EXTRACTED INFORMATION START
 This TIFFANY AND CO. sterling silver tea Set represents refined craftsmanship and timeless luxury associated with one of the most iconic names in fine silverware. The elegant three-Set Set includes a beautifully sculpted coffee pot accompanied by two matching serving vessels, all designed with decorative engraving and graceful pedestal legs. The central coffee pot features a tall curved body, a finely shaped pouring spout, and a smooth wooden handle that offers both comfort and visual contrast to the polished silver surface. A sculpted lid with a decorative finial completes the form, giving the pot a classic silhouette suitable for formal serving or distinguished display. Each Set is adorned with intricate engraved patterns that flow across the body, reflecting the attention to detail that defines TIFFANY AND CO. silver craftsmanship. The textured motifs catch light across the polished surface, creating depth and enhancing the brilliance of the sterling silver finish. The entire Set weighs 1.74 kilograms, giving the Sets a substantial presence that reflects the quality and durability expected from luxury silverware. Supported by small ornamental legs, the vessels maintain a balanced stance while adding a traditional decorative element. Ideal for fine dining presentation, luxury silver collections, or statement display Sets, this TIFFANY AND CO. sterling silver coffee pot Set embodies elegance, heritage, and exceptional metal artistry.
EXTRACTED INFORMATION END
EXTRACTED INFORMATION START
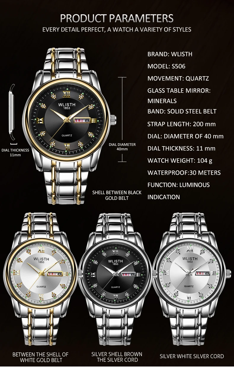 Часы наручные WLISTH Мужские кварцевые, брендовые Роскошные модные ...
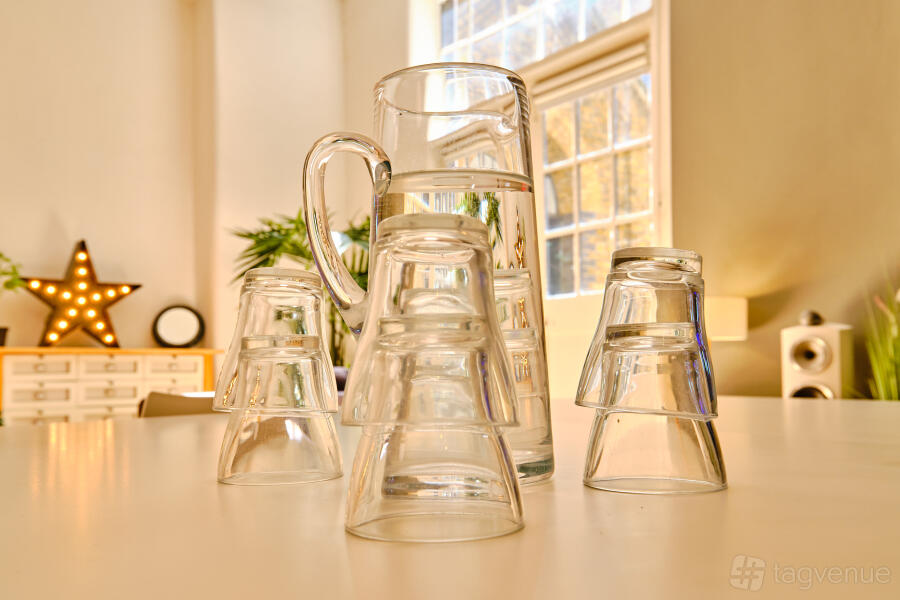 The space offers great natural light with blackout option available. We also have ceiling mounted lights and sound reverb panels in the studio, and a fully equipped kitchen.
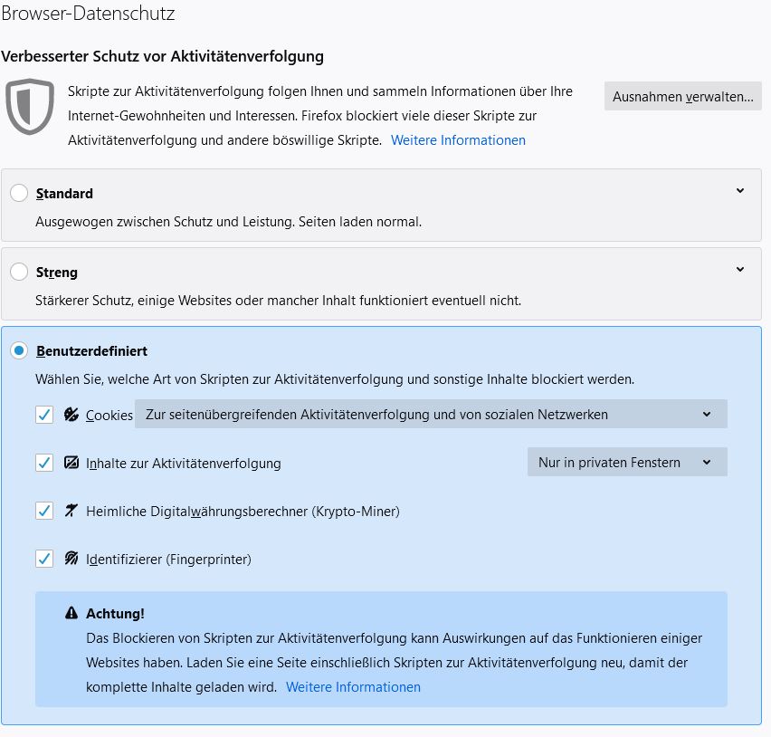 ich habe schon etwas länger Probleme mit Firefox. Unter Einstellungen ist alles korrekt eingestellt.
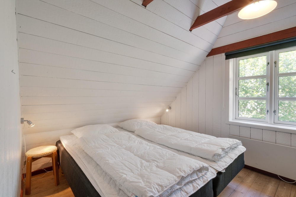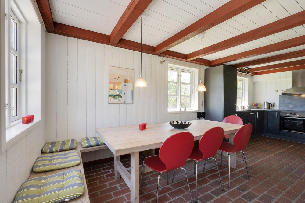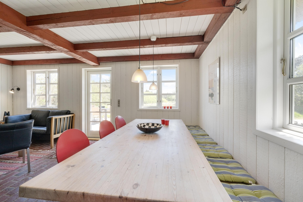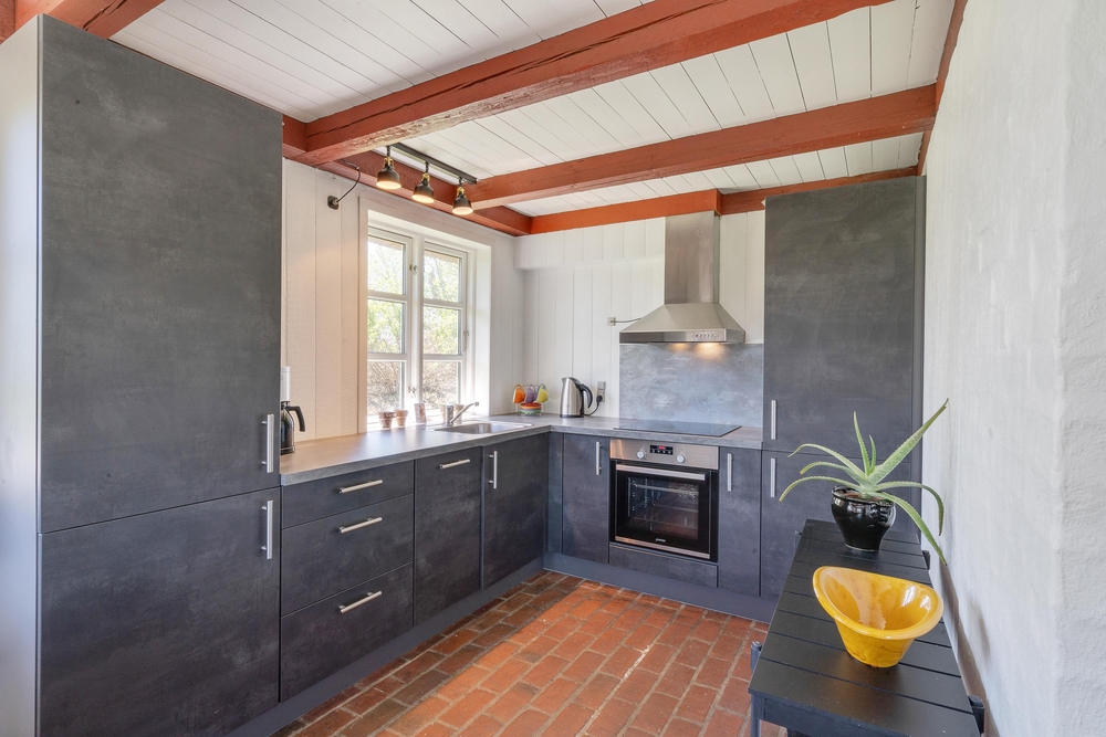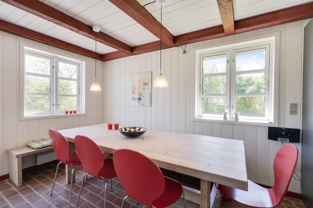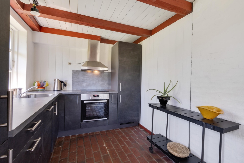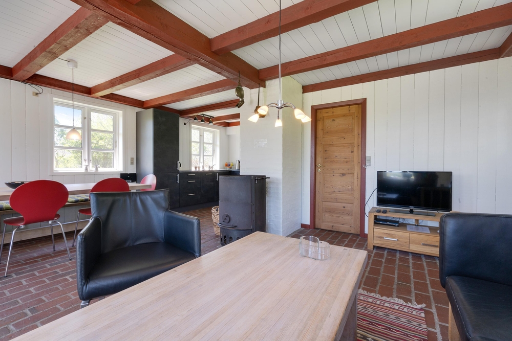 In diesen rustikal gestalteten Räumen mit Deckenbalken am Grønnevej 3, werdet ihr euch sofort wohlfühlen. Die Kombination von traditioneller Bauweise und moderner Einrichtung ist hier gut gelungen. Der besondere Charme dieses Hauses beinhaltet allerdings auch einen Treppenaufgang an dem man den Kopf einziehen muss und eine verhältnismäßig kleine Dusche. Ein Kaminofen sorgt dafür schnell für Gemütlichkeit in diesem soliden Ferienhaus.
EXTRACTED INFORMATION END
EXTRACTED INFORMATION START
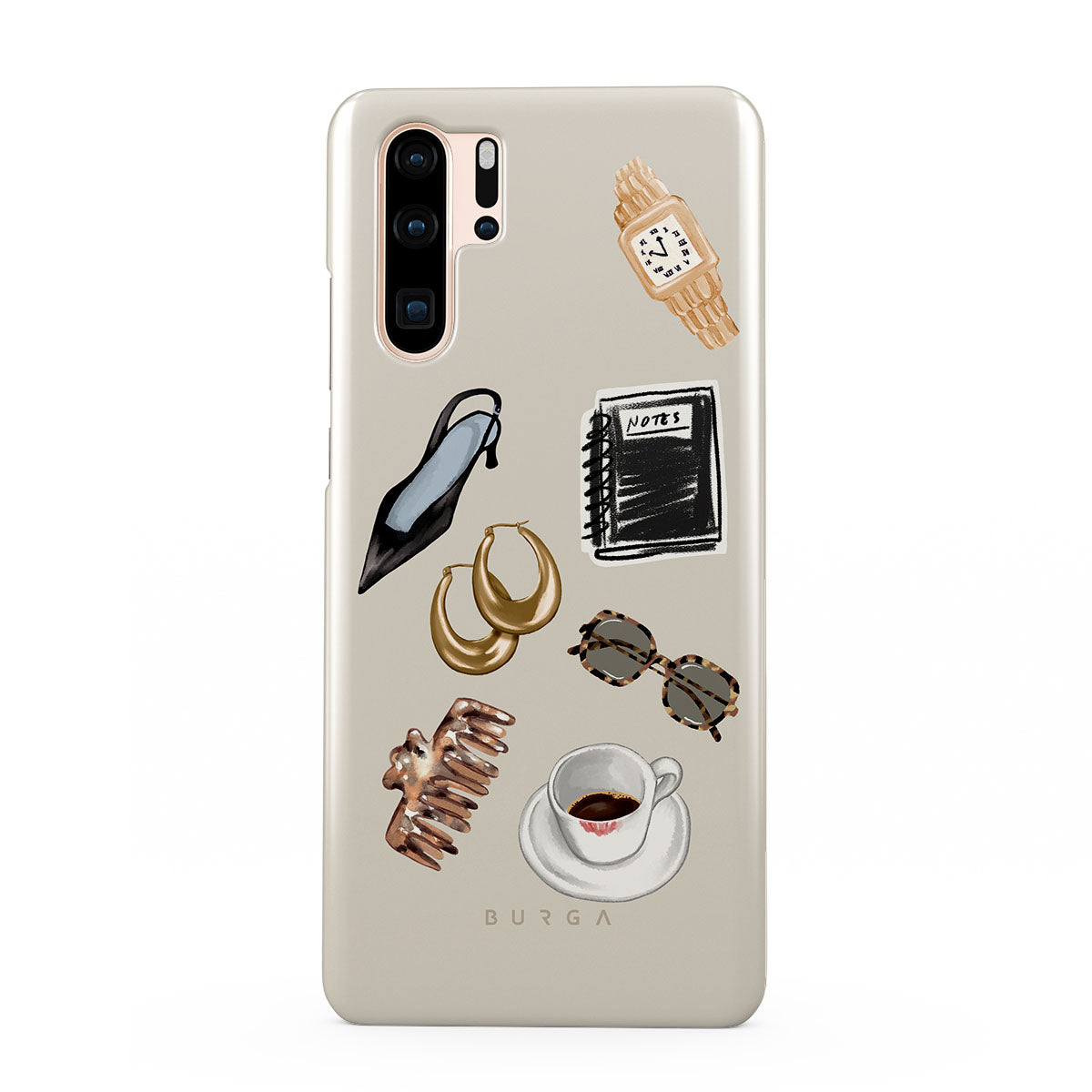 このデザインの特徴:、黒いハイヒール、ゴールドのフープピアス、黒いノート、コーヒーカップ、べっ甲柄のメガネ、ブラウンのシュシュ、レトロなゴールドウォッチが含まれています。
EXTRACTED INFORMATION END
■ **ABOUT THIS TASK**:
Print nothing except the lines above from the one containing "The space offers" down to the one containing "In diesen rustikal", both included, exactly as written and free of pictures.

■ **TASK SOLUTION**:
 The space offers great natural light with blackout option available. We also have ceiling mounted lights and sound reverb panels in the studio, and a fully equipped kitchen.
 ich habe schon etwas länger Probleme mit Firefox. Unter Einstellungen ist alles korrekt eingestellt.
 In diesen rustikal gestalteten Räumen mit Deckenbalken am Grønnevej 3, werdet ihr euch sofort wohlfühlen. Die Kombination von traditioneller Bauweise und moderner Einrichtung ist hier gut gelungen. Der besondere Charme dieses Hauses beinhaltet allerdings auch einen Treppenaufgang an dem man den Kopf einziehen muss und eine verhältnismäßig kleine Dusche. Ein Kaminofen sorgt dafür schnell für Gemütlichkeit in diesem soliden Ferienhaus.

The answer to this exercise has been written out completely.